Dictation in Hololens apps

Use Dictation in your Hololens apps using the MR Toolkit

Sorry, I have been away for a vacation (had a break from augmented reality to actually enjoy reality too :)). But now I am back and with a new tutorial to show you how to use Dictation in your Hololens apps. Simply put, how you can use speech that converts to text in your apps. (SpeechToText)

The Mixed Reality Toolkit makes it very easy for us to do this with the help of a DictationInputManager class.

The MR Toolkit examples package even comes with an example scene called DictationTest if you want to try it out.

Do the basics of creating a new Unity project and importing the MR Toolkit.

Delete the Main Camera and add the  MixedRealityCameraParent.prefab from the MR Toolkit.

Change the Camera Settings to Hololens preferred:

1. Skybox to Solid Color

2. Background to 0,0,0,0

Save the scene.

Objective

So in this tutorial, we will have a cube in the scene which will be our visual feedback that recording has started and ended.

We would use Speech input to say “Start recording”, after which the cube changes color from white to red. The dictated text appears below the cube. While dictation is ongoing, the color is still red for both the dictated text and the cube.

When dictation has ended, the color of both the cube and the text changes to green.

First let’s accomplish the part where we get the speech done:

1. Get a white cube in the scene

2. Add speech input to the scene

3. Add voice command “Start recording” which changes color of the cube to red

Since I already covered speech input in a previous tutorial , I won’t be covering it in detail and will walk you through the speech part briskly.

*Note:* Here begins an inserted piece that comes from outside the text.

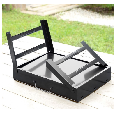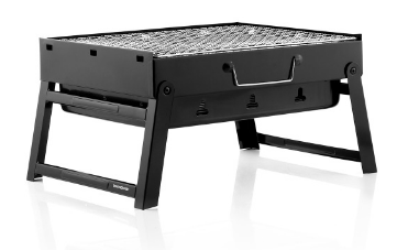 Um grelhador de mesa a carvão muito prático e manobrável para levar de forma prática para qualquer lugar devido ao seu design moderno, dobrável e portátil. Tem orifícios de ventilação e pega de transporte para facilitar o transporte. A grelha para alimentos é amovível e permite acrescentar carvão com facilidade em qualquer momento. Inclui uma rede inferior, de proteção, que se coloca no interior, na base do grelhador para colocar o carvão (1,5 kg no máximo). Este grelhador de ferro é resistente, ocupa pouco espaço e monta-se e desmonta-se com facilidade, bastando esticar os pés e apoiá-los no piso ou na mesa (sobre uma superfície plana, estável e resistente ao calor). Ideal para desfrutar de um refinado grelhado em boa companhia (2 comensais), é muito fácil de utilizar e de limpar. Para atear devem utilizar-se pastilhas, gel ou outras acendalhas adequadas para grelhadores (não incluído), ainda que para melhor conservação do grelhador durante mais tempo seja recomendado acender as brasas utilizando um dispositivo para carvão (não incluído). É importante ter em consideração que este grelhador não está preparado para madeira nem para outros combustíveis. Não inclui carvão.

1. Add a ‘Cube‘ GameObject in the Unity scene

2. Add an empty GameObject and call it ‘Managers‘ or something relevant. We will add all the Manager class objects into this as child object (Let’s stay organized :-))

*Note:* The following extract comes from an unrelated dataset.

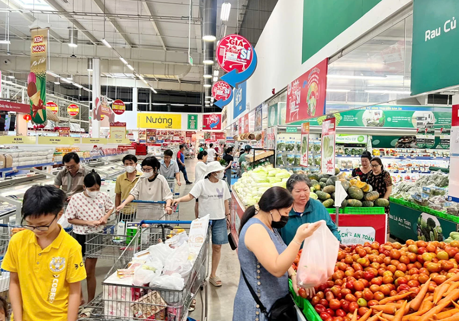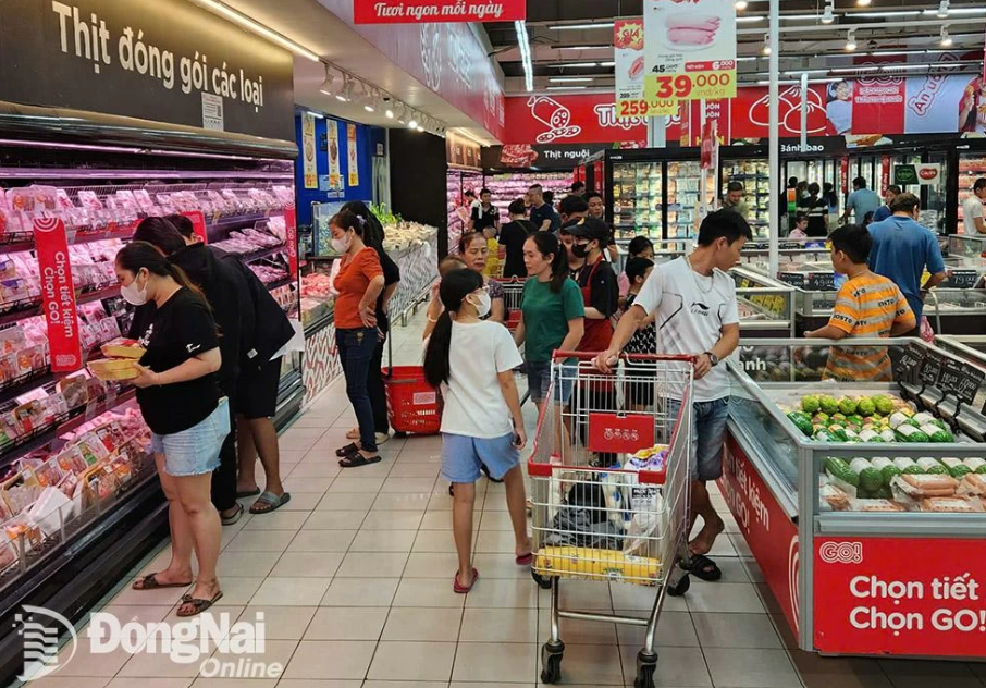 Khá đông người tiêu dùng đến tham quan, mua sắm tại một siêu thị ở thành phố Biên Hòa trong kỳ nghỉ lễ Quốc khánh (2-9). (Ảnh: Hải Quân)

3. Add a child GameObject to the ‘Managers‘ and add an empty child GameObject to it. Call it ‘SpeechGameObject‘ or something relevant. To this, we will add the ‘Speech Input Source‘ script from the MR toolkit via the ‘Add Component‘ in the Inspector (see my Voice Input tutorial for screenshots and complete descriptions)

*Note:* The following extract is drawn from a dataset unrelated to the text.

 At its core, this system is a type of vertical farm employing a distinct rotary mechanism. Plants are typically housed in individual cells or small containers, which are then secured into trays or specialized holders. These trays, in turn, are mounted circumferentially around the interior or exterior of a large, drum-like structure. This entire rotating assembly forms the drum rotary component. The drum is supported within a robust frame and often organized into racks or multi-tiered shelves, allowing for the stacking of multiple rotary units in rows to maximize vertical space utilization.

4. We just have one keyword called “Start recording“. So let’s add that in the Speech Input Source Inspector variables

5. Now we need to add the Speech Input Handler to the ‘Cube‘ object. Click on the ‘Add Component‘ part of the Cube and search and add ‘Speech Input Handler’ from the MR Toolkit. Check the ‘Is Global Listener’ flag on the Speech Input Handler.

6. Before we assign keywords, let’s write the code which changes the color of the cube. For this click on the ‘Cube‘ and via ‘Add Component‘ in the Inspector, add a C# script and call it ‘ColorandDictationManipulation‘ or something relevant. This will also be the script where our Dictation logic will go.

7. Right click on the ‘ColorandDictationManipulationscript to open it up in Visual Studio

We will write a function called OnVoiceCommand() which should be called upon Speech Input, in which the code to change the color of the cube goes. For this we need a renderer which needs to be initialized in the Awake() function.

We also need an Inspector variable so that we can refer to our Cube to be changed to a different color. I call this variable objectToBeManipulated

So you can drag and drop whichever object you want to manipulate in objectToBeManipulated field if you want.

Now get the Renderer component of the objectToBeManipulated (in this example, the cube) into the renderer variable

Change the Material color on the renderer (i.e now the cube) to red.

Your script so far should look like the above code

8. Now go back to the Cube Inspector, and add the keywords and the methods on the Speech Input Handler

Select dropdown and choose “Start Recording” in the Speech Input Handler

Choose the object Cube and select the OnVoiceCommand method in the Response() section

Choose the Cube as the Object To Be Manipulated in the ColorandDictationManipulation script

10. Go to Edit -> Project Settings -> Player and under Pubishing Settings
> Capabilities,  make sure Microphone is checked

11.  Adjust the cube in the scene to make the camera see it.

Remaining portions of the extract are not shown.